+++ Input material

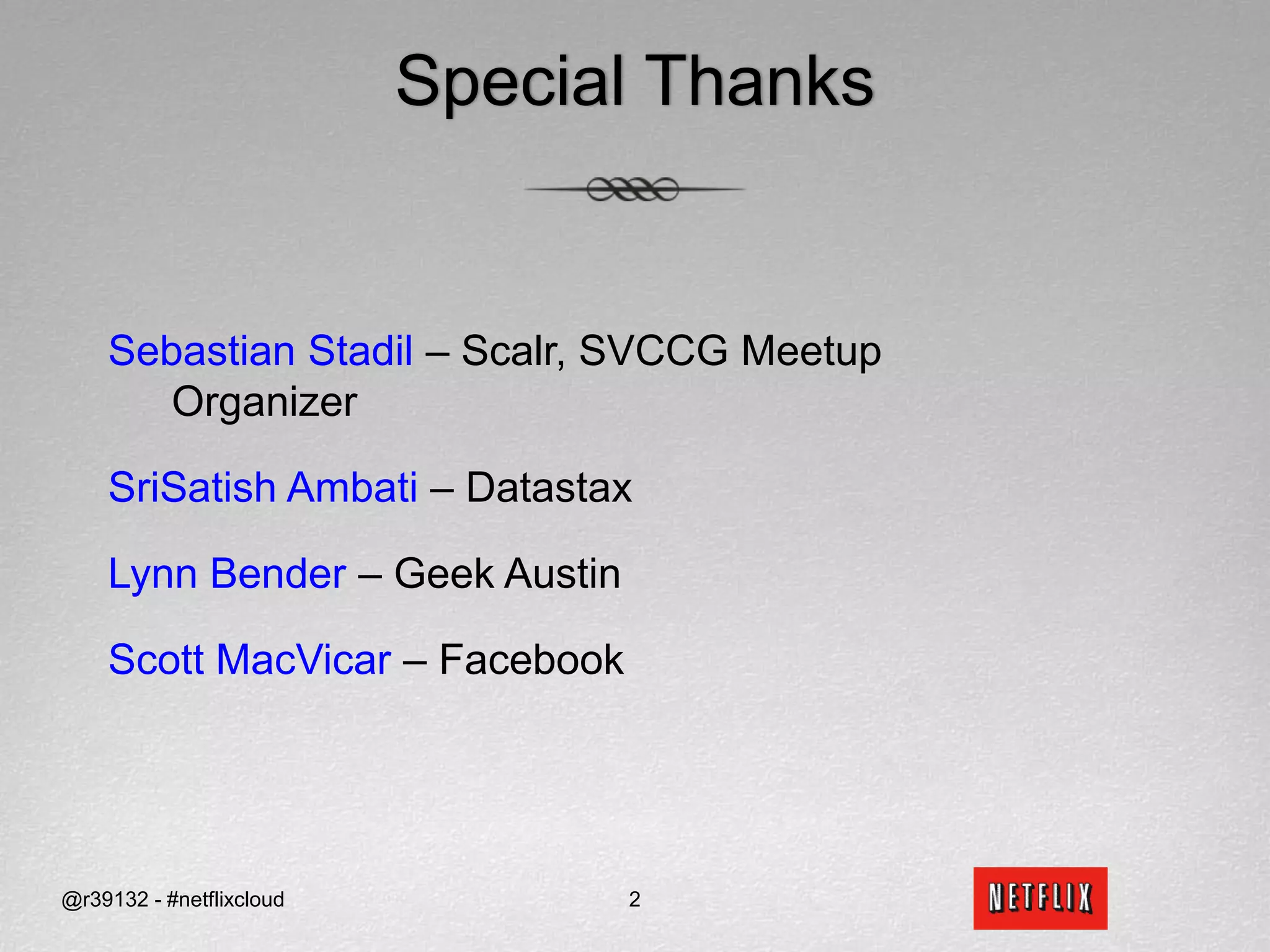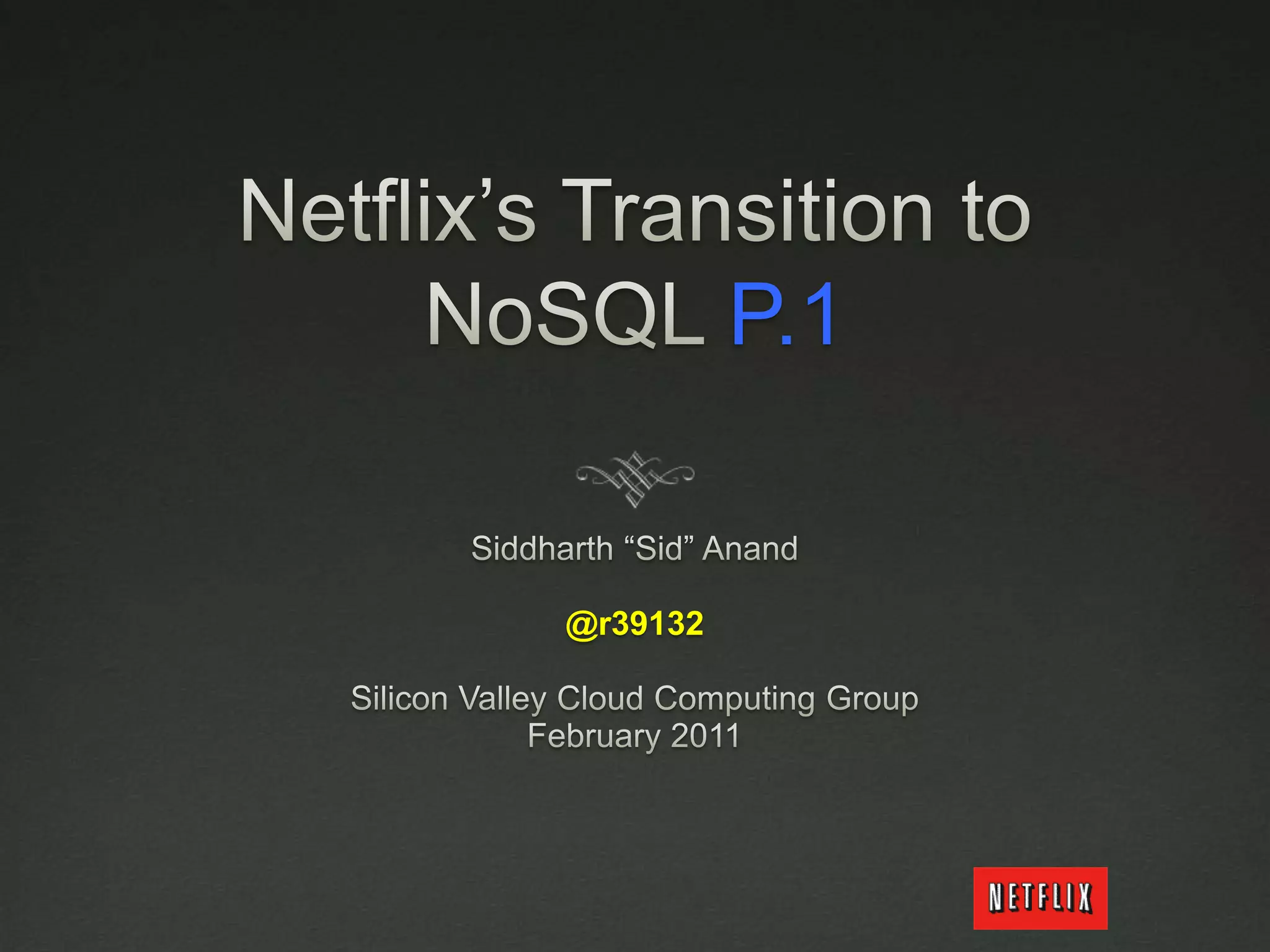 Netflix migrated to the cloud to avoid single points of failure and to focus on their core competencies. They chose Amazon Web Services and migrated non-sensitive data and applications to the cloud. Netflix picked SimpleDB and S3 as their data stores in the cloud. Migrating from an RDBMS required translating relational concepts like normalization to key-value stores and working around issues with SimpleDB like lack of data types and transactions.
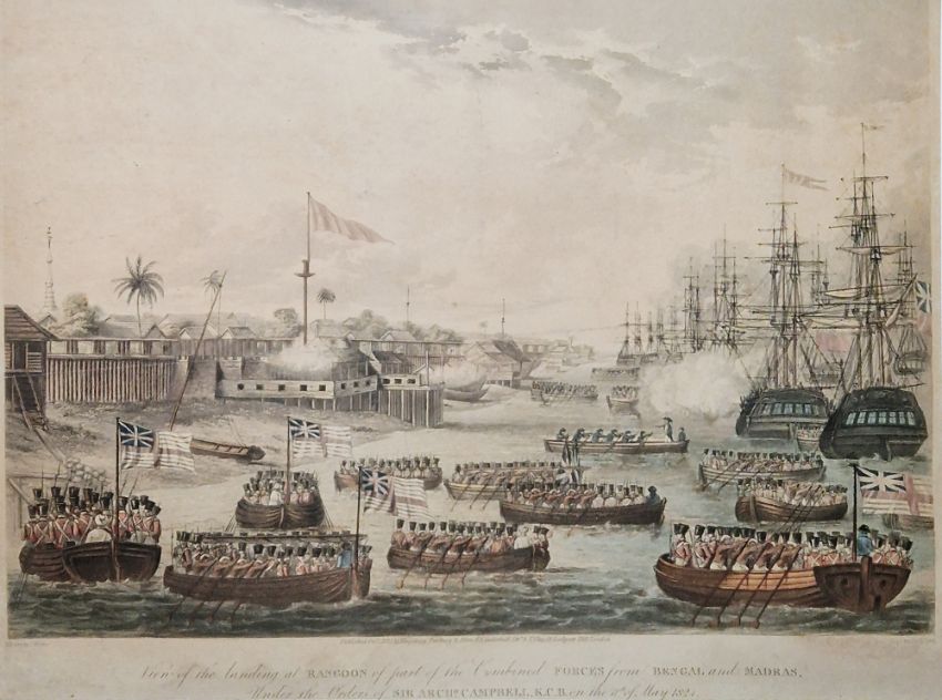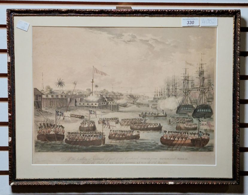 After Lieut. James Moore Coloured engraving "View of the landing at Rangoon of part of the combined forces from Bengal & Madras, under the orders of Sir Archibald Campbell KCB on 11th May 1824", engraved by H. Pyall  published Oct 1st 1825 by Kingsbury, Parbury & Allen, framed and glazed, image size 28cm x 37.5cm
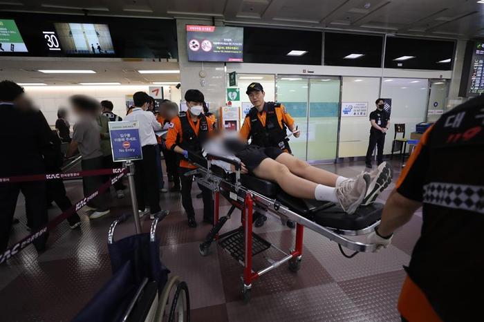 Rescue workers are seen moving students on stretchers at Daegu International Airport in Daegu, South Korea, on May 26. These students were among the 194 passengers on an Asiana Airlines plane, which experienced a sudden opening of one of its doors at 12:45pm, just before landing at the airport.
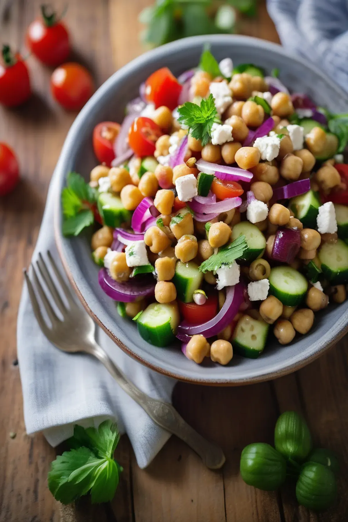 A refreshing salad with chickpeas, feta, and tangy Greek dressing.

++++++
+++ Input material

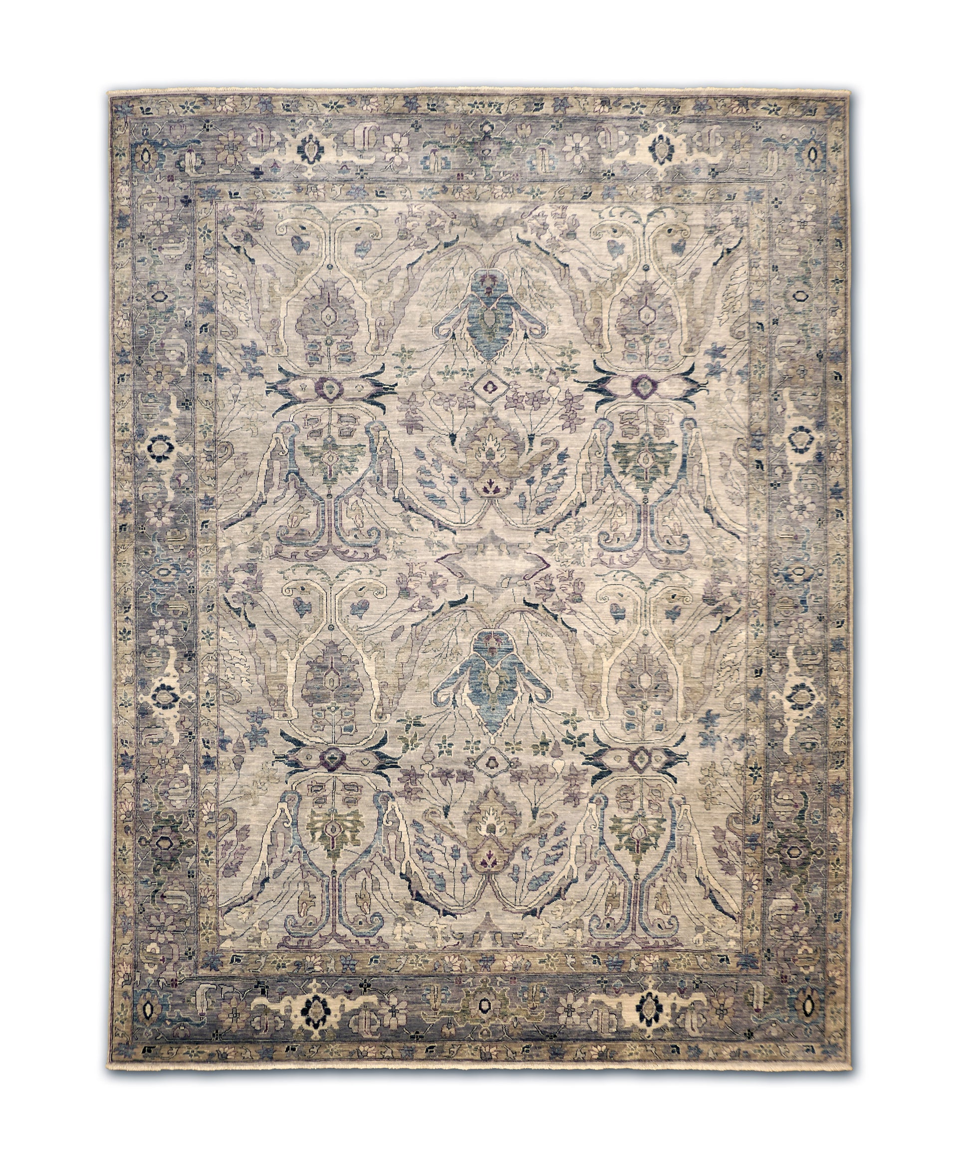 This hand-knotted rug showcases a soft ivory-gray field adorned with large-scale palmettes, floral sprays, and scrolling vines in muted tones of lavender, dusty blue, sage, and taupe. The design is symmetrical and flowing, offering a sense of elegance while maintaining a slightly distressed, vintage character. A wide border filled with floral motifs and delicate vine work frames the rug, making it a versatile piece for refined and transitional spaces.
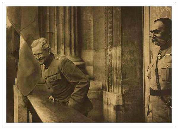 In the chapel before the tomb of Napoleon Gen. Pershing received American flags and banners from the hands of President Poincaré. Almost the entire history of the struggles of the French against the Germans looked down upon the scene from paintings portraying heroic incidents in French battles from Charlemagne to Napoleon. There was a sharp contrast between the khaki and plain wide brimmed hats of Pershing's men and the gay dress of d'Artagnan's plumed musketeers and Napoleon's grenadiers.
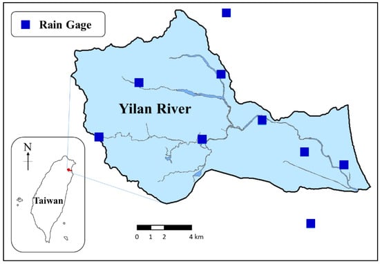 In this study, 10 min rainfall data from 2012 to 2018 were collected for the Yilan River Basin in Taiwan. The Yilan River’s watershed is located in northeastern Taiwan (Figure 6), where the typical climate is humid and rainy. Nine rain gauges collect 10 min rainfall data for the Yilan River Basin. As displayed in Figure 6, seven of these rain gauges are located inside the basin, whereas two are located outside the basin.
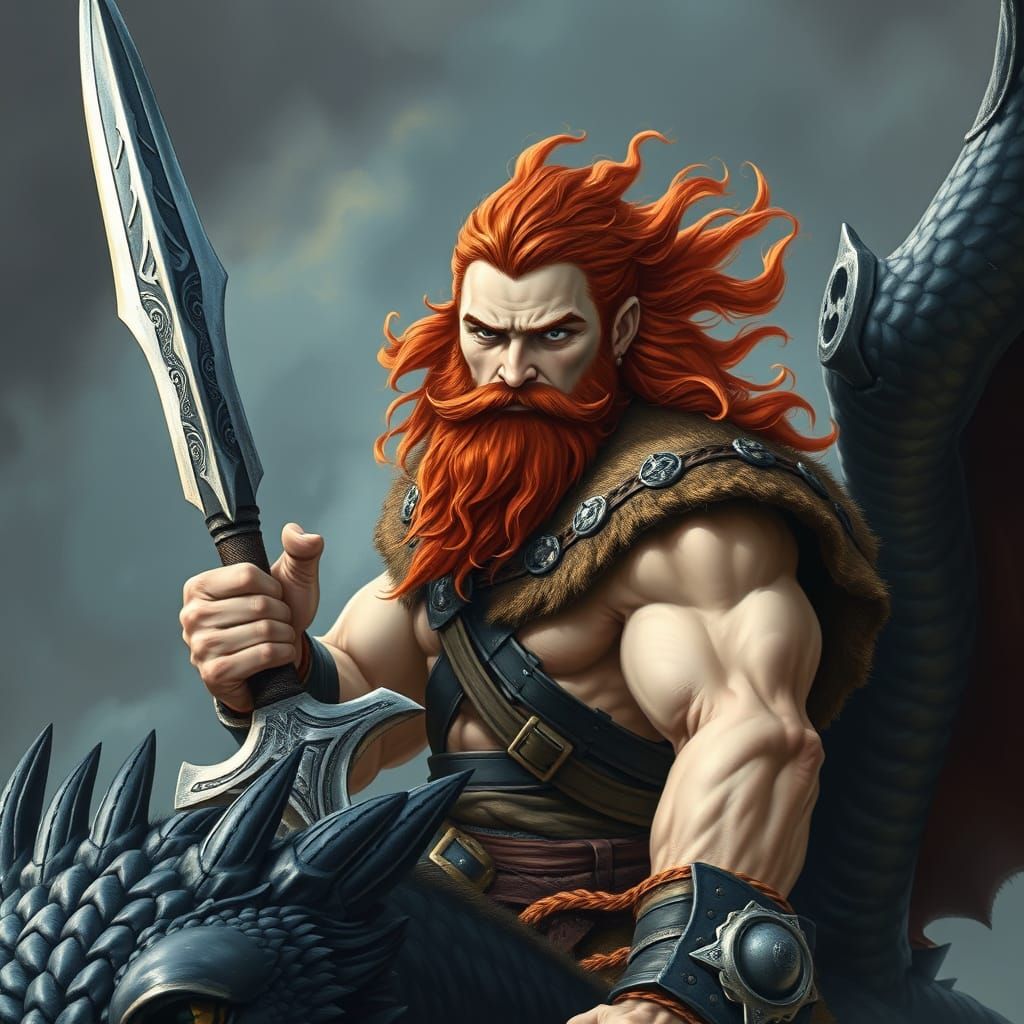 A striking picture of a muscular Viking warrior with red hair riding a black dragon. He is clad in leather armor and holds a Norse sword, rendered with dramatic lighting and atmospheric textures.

++++++

• Work instructions: Copy word for word the lines above, starting at the line containing "After Lieut. James" and ending at the line containing "A refreshing salad", inclusive, with no pictures.

• Problem solution:
 After Lieut. James Moore Coloured engraving "View of the landing at Rangoon of part of the combined forces from Bengal & Madras, under the orders of Sir Archibald Campbell KCB on 11th May 1824", engraved by H. Pyall  published Oct 1st 1825 by Kingsbury, Parbury & Allen, framed and glazed, image size 28cm x 37.5cm
 Rescue workers are seen moving students on stretchers at Daegu International Airport in Daegu, South Korea, on May 26. These students were among the 194 passengers on an Asiana Airlines plane, which experienced a sudden opening of one of its doors at 12:45pm, just before landing at the airport.
 A refreshing salad with chickpeas, feta, and tangy Greek dressing.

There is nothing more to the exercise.